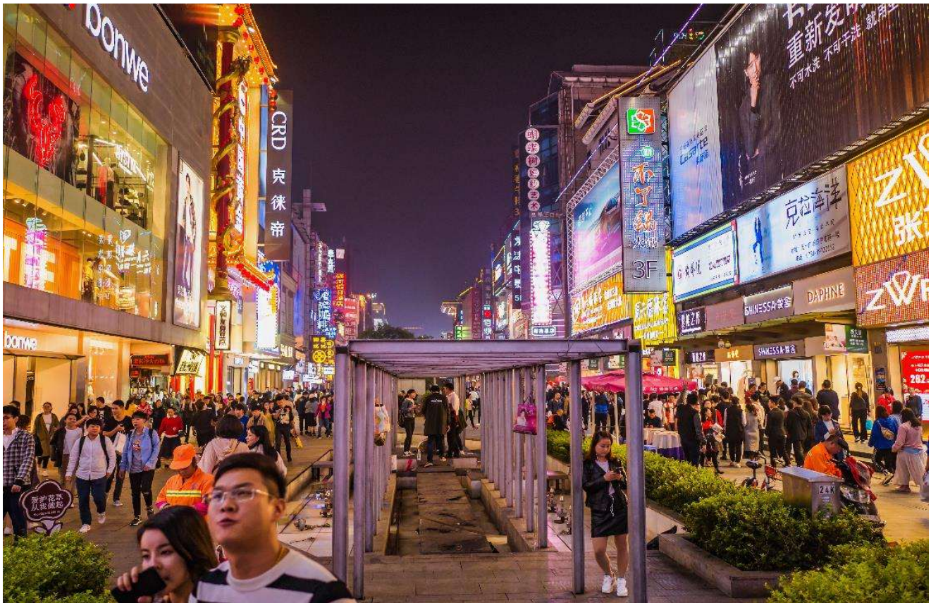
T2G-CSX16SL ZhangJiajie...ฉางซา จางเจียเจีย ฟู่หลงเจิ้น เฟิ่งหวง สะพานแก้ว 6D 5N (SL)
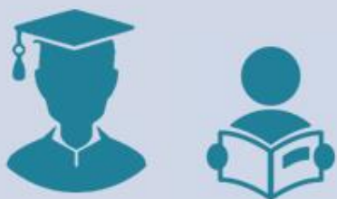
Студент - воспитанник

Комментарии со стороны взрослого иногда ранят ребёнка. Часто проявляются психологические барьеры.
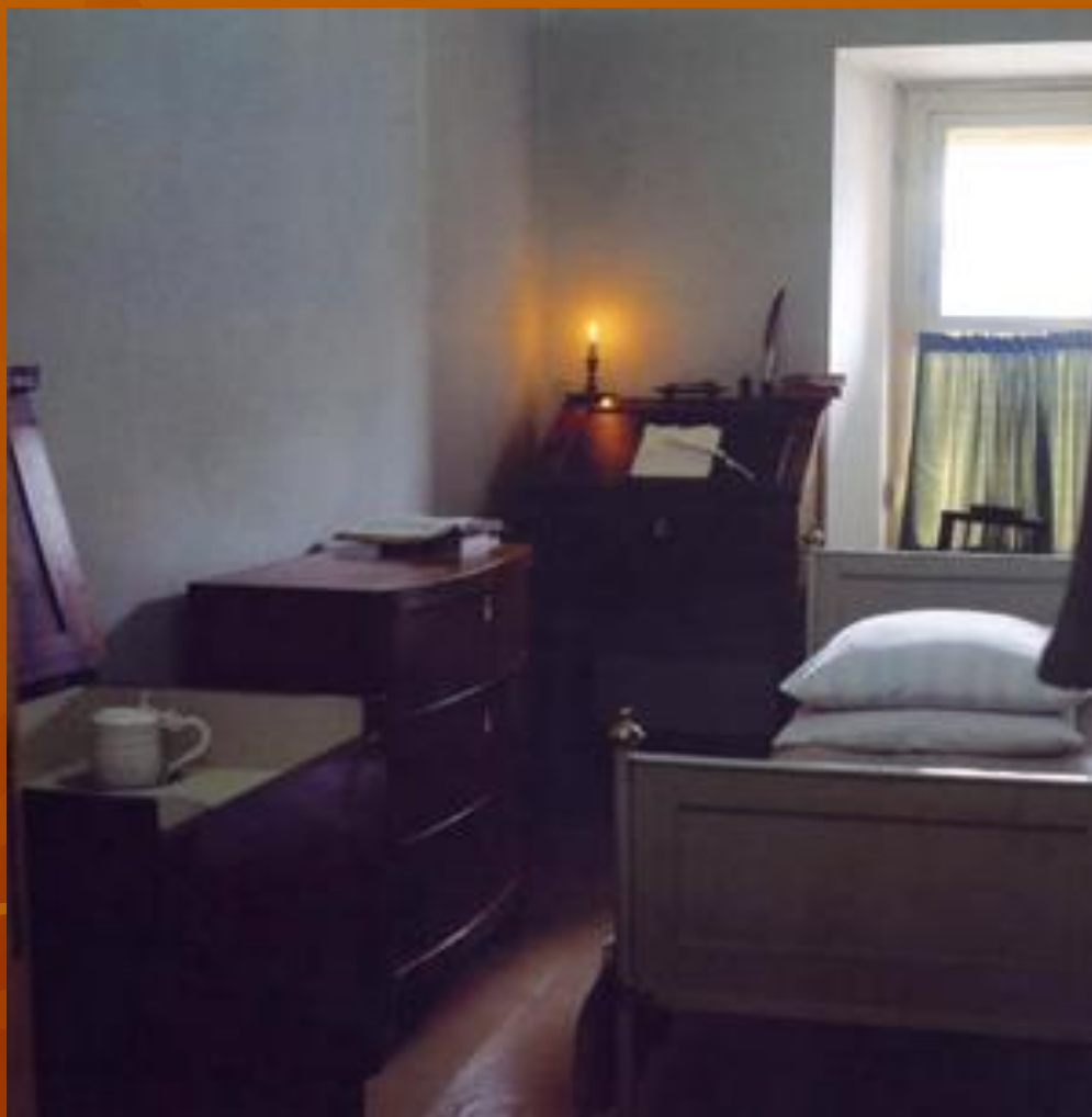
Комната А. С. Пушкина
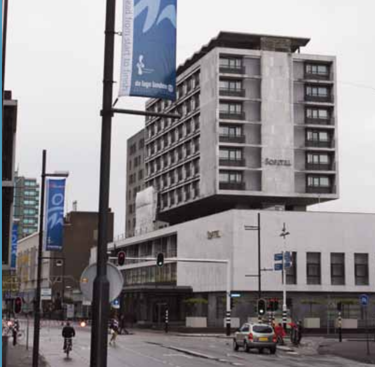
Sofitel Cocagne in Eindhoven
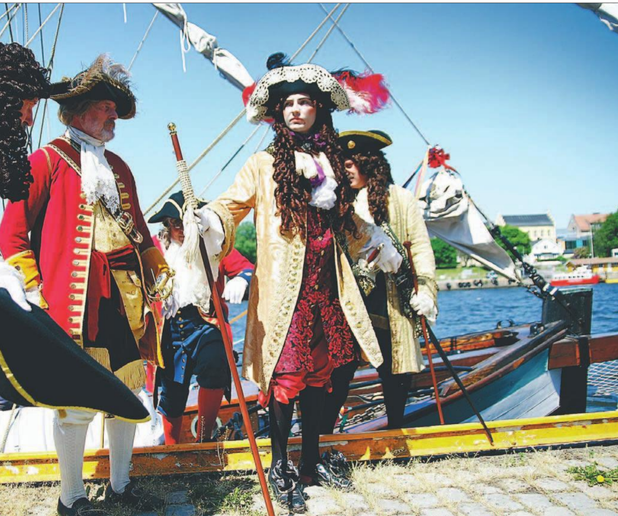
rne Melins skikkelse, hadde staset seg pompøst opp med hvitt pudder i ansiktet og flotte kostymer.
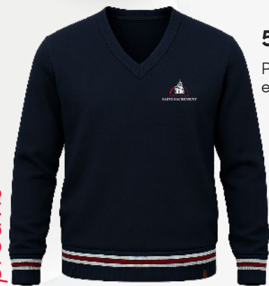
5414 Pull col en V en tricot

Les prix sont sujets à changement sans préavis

★ ★ ★

▶ _WORK TO COMPLETE_
Without carrying over any picture, retype the records above word for word.

▶ _WRITTEN ANSWER_
T2G-CSX16SL ZhangJiajie...ฉางซา จางเจียเจีย ฟู่หลงเจิ้น เฟิ่งหวง สะพานแก้ว 6D 5N (SL)
Студент - воспитанник

Комментарии со стороны взрослого иногда ранят ребёнка. Часто проявляются психологические барьеры.
Комната А. С. Пушкина
Sofitel Cocagne in Eindhoven
rne Melins skikkelse, hadde staset seg pompøst opp med hvitt pudder i ansiktet og flotte kostymer.
5414 Pull col en V en tricot

Les prix sont sujets à changement sans préavis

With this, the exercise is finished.